Information provided:
◇ ◇ ◇ ◇

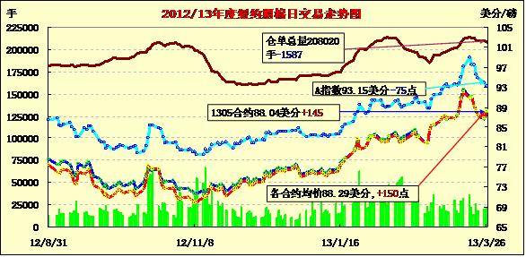 3月26日,受中國(guó)在2013年將繼續(xù)實(shí)施臨時(shí)收儲(chǔ)政策支持,紐約期棉強(qiáng)勢(shì)反彈,近期5月合約結(jié)算價(jià)88.04美分/磅,漲145點(diǎn);7月合約結(jié)算價(jià)89.33美分/磅,漲151點(diǎn);12月合約結(jié)算價(jià)87.23美分/磅,漲98點(diǎn)。在此之前的六個(gè)交易日中,紐約期棉有五個(gè)交易日收跌。昨日市場(chǎng)開(kāi)盤(pán)后一路上揚(yáng),主力5月合約當(dāng)日最高至88.88美分/磅,交易后段在88.5一線窄幅震蕩,尾盤(pán)時(shí)分買(mǎi)盤(pán)獲利平倉(cāng)回吐部分漲幅,盤(pán)終收漲百余點(diǎn)。其他合約也普遍大幅收漲。在昨天召開(kāi)的中國(guó)棉花協(xié)會(huì)二屆五次理事會(huì)上,國(guó)家發(fā)改委經(jīng)貿(mào)司副處長(zhǎng)李燕介紹,經(jīng)各部門(mén)會(huì)商、針對(duì)目前情況和一號(hào)文件要求,2013年將繼續(xù)實(shí)行敞開(kāi)收儲(chǔ)政策,以保持優(yōu)勢(shì)產(chǎn)棉區(qū)面積基本穩(wěn)定、穩(wěn)定市場(chǎng)預(yù)期和紡織需求,具體價(jià)格將在近期向社會(huì)公布,這一消息對(duì)棉市形成強(qiáng)勢(shì)支持。
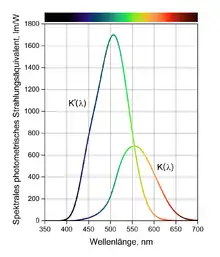 إذن ، تنتمي لطول الموجة هذه مكافيء طيفي قدره 683 لومن/واط. وتشارك طاقات إشعاعية يكون لها طول موجة أخرى بمقادير أقل إلى التدفق الضوئي.
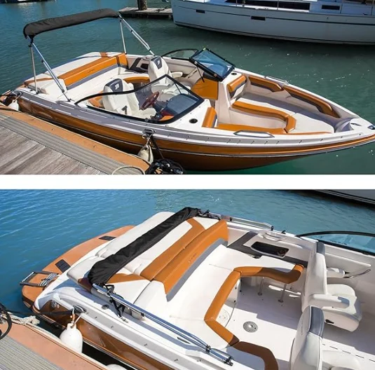 Rustfrit båd Bimini top, lavet af marin klasse 600d polyester lærred med dobbelt PU -belægning, vores opbevaringsstart giver god beskyttelse mod sollys, havvand, regn og støv.
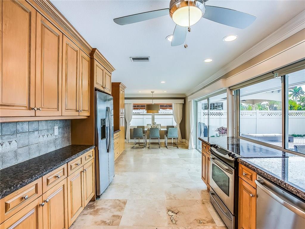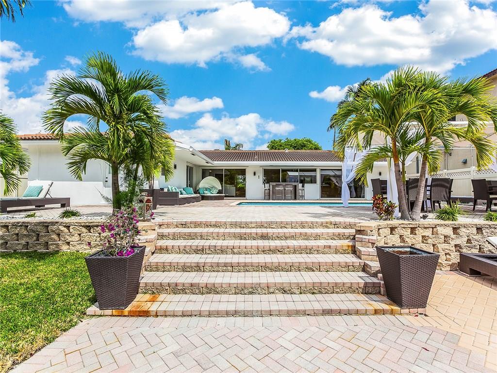 This beautiful fully furnished 3 bedroom 2 bath home offers the perfect setting for boaters and entertainers. The spacious pool area has 75ft of waterfront and includes a newer dock. The interior open floor plan provides for another great entertainment area. The bright open kitchen has granite, stainless steel appliances and marble. Tastefully furnished by Miami designer Jeanine Johnsen. Just bring your boat your toothbrush and move right in! Ocean access, one fixed bridge 13.5 ft.
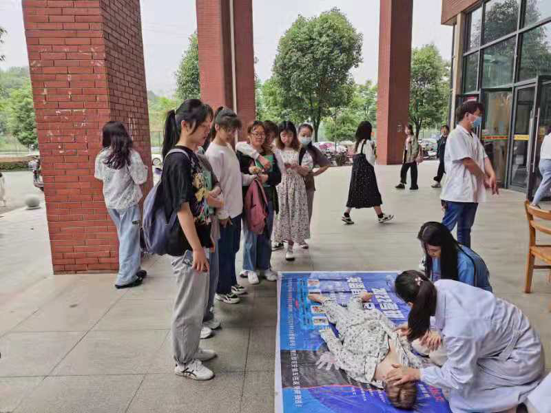 培训前,汪仁卫生院医护人员为师生们测量血压,向参训人员发放宣传手册,讲解人体生命急救的相关知识,进行了心肺复苏操作示范,最后组织参训人员一对一的进行了心肺复苏操作训练。
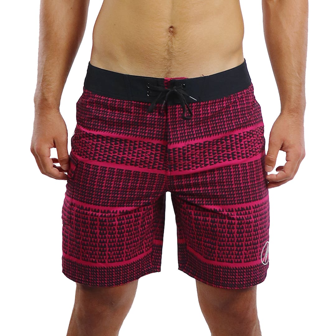 Male model wearing Boardshorts in Akoakoa Pattern and Red - Front View
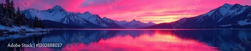 Fiery pink alpenglow bathes Lake Tahoe's mountains and glassy surface , stillness, water
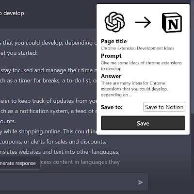 On ChatGPT's page, you'll notice a new pin icon under each of its answers. You can use it to save specifically that answer and the related prompt to your Notion database of choice. If you want to save the whole discussion, you can do so from the extension popup.

◇ ◇ ◇ ◇

Task objective: Omit every picture, then repeat the remaining data exactly as it appears above.

Expected answer:
 3月26日,受中國(guó)在2013年將繼續(xù)實(shí)施臨時(shí)收儲(chǔ)政策支持,紐約期棉強(qiáng)勢(shì)反彈,近期5月合約結(jié)算價(jià)88.04美分/磅,漲145點(diǎn);7月合約結(jié)算價(jià)89.33美分/磅,漲151點(diǎn);12月合約結(jié)算價(jià)87.23美分/磅,漲98點(diǎn)。在此之前的六個(gè)交易日中,紐約期棉有五個(gè)交易日收跌。昨日市場(chǎng)開(kāi)盤(pán)后一路上揚(yáng),主力5月合約當(dāng)日最高至88.88美分/磅,交易后段在88.5一線窄幅震蕩,尾盤(pán)時(shí)分買(mǎi)盤(pán)獲利平倉(cāng)回吐部分漲幅,盤(pán)終收漲百余點(diǎn)。其他合約也普遍大幅收漲。在昨天召開(kāi)的中國(guó)棉花協(xié)會(huì)二屆五次理事會(huì)上,國(guó)家發(fā)改委經(jīng)貿(mào)司副處長(zhǎng)李燕介紹,經(jīng)各部門(mén)會(huì)商、針對(duì)目前情況和一號(hào)文件要求,2013年將繼續(xù)實(shí)行敞開(kāi)收儲(chǔ)政策,以保持優(yōu)勢(shì)產(chǎn)棉區(qū)面積基本穩(wěn)定、穩(wěn)定市場(chǎng)預(yù)期和紡織需求,具體價(jià)格將在近期向社會(huì)公布,這一消息對(duì)棉市形成強(qiáng)勢(shì)支持。
 إذن ، تنتمي لطول الموجة هذه مكافيء طيفي قدره 683 لومن/واط. وتشارك طاقات إشعاعية يكون لها طول موجة أخرى بمقادير أقل إلى التدفق الضوئي.
 Rustfrit båd Bimini top, lavet af marin klasse 600d polyester lærred med dobbelt PU -belægning, vores opbevaringsstart giver god beskyttelse mod sollys, havvand, regn og støv.
 This beautiful fully furnished 3 bedroom 2 bath home offers the perfect setting for boaters and entertainers. The spacious pool area has 75ft of waterfront and includes a newer dock. The interior open floor plan provides for another great entertainment area. The bright open kitchen has granite, stainless steel appliances and marble. Tastefully furnished by Miami designer Jeanine Johnsen. Just bring your boat your toothbrush and move right in! Ocean access, one fixed bridge 13.5 ft.
 培训前,汪仁卫生院医护人员为师生们测量血压,向参训人员发放宣传手册,讲解人体生命急救的相关知识,进行了心肺复苏操作示范,最后组织参训人员一对一的进行了心肺复苏操作训练。
 Male model wearing Boardshorts in Akoakoa Pattern and Red - Front View
 Fiery pink alpenglow bathes Lake Tahoe's mountains and glassy surface , stillness, water
 On ChatGPT's page, you'll notice a new pin icon under each of its answers. You can use it to save specifically that answer and the related prompt to your Notion database of choice. If you want to save the whole discussion, you can do so from the extension popup.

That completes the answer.